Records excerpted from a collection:
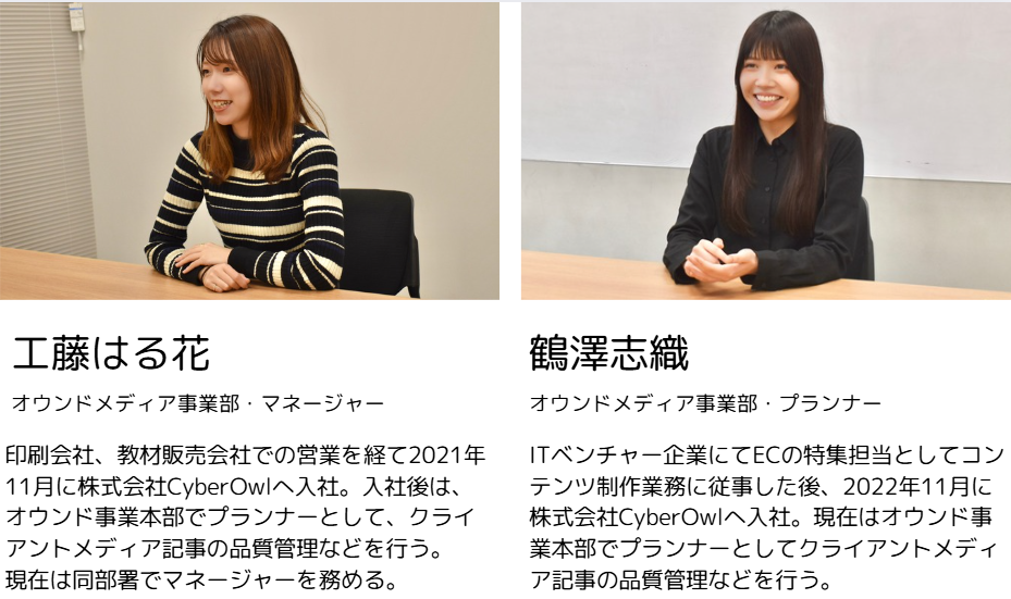 工藤:私は2021年の11月にサイバーアウルに入社し、現在3年目になります。以前は、印刷会社や教材の販売会社で営業をしていました。サイバーアウルに入社後は、オウンドメディア事業本部のプランナーとしてSEO記事の編集職に従事し、お取引先さまのオウンドメディアに掲載する記事を制作しています。
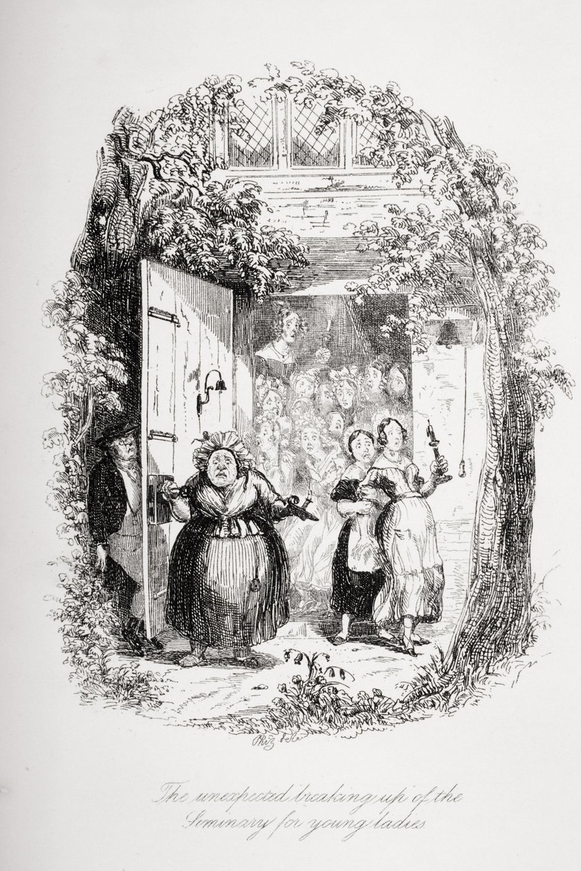 The Unexpected Breaking Up of the Seminary for Young Ladies, Illustration from 'The Pickwick Papers' by Charles Dickens(The unexpected breaking up of the seminary for young ladies, illustration from `The Pickwick Papers' by Charles Dickens (1812-70) published 1837 )Hablot Knight Browne |
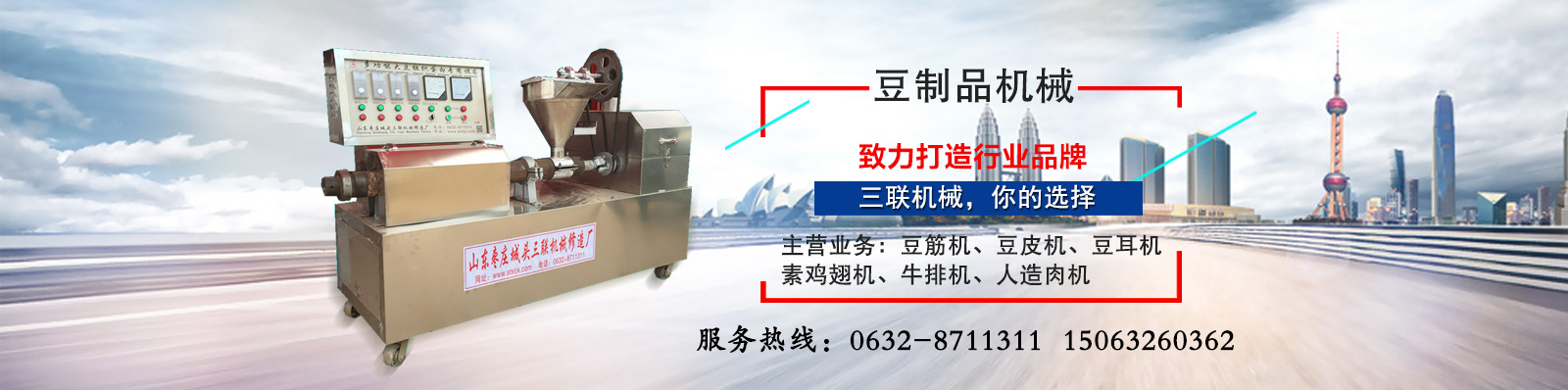 山亭區(qū)城頭三聯(lián)機(jī)械修造廠成立于1994年,位于鐵道游擊隊(duì)故鄉(xiāng)山東省棗莊市山亭區(qū)工業(yè)園,本地區(qū)交通十分便利,京福高速公路、京滬鐵路、104國(guó)道由此貫穿,是全國(guó)生產(chǎn)豆制品,規(guī)模較大的生產(chǎn)基地。山亭區(qū)城頭三聯(lián)機(jī)械修造廠經(jīng)過不斷的努力和研發(fā)終于有所突破,本廠的產(chǎn)品得到廣大消費(fèi)者的信任和擁護(hù),主營(yíng)豆制品機(jī)械和麻辣面食機(jī)械:素牛排機(jī)、素雞腸機(jī)、素雞脯肉機(jī)、豆蝦機(jī)、豆魚機(jī)..
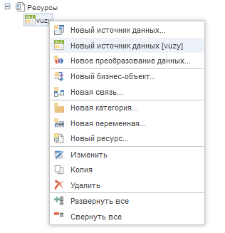 Выделить ресурс в словаре данных и в контекстном меню выбрать команду Новый источник данных [Имя ресурса] (New Data Source [Resource Name]).
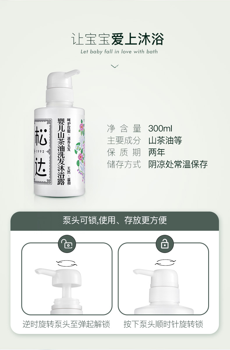 松达婴儿护肤山茶油沐浴露二合一 低泡无硅油300ml
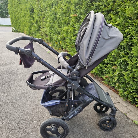 Vognen er enkel å manøvrere, stabil og komfortabel for barnet. Praktisk løsning med bilstol på vogn, perfekt for korte turer og hverdagsbruk.

Task directions —
From the line with "Выделить ресурс в" to the final line of the entries above, reproduce each line exactly and nothing else; the pictures stay out.

Answer space —
 Выделить ресурс в словаре данных и в контекстном меню выбрать команду Новый источник данных [Имя ресурса] (New Data Source [Resource Name]).
 松达婴儿护肤山茶油沐浴露二合一 低泡无硅油300ml
 Vognen er enkel å manøvrere, stabil og komfortabel for barnet. Praktisk løsning med bilstol på vogn, perfekt for korte turer og hverdagsbruk.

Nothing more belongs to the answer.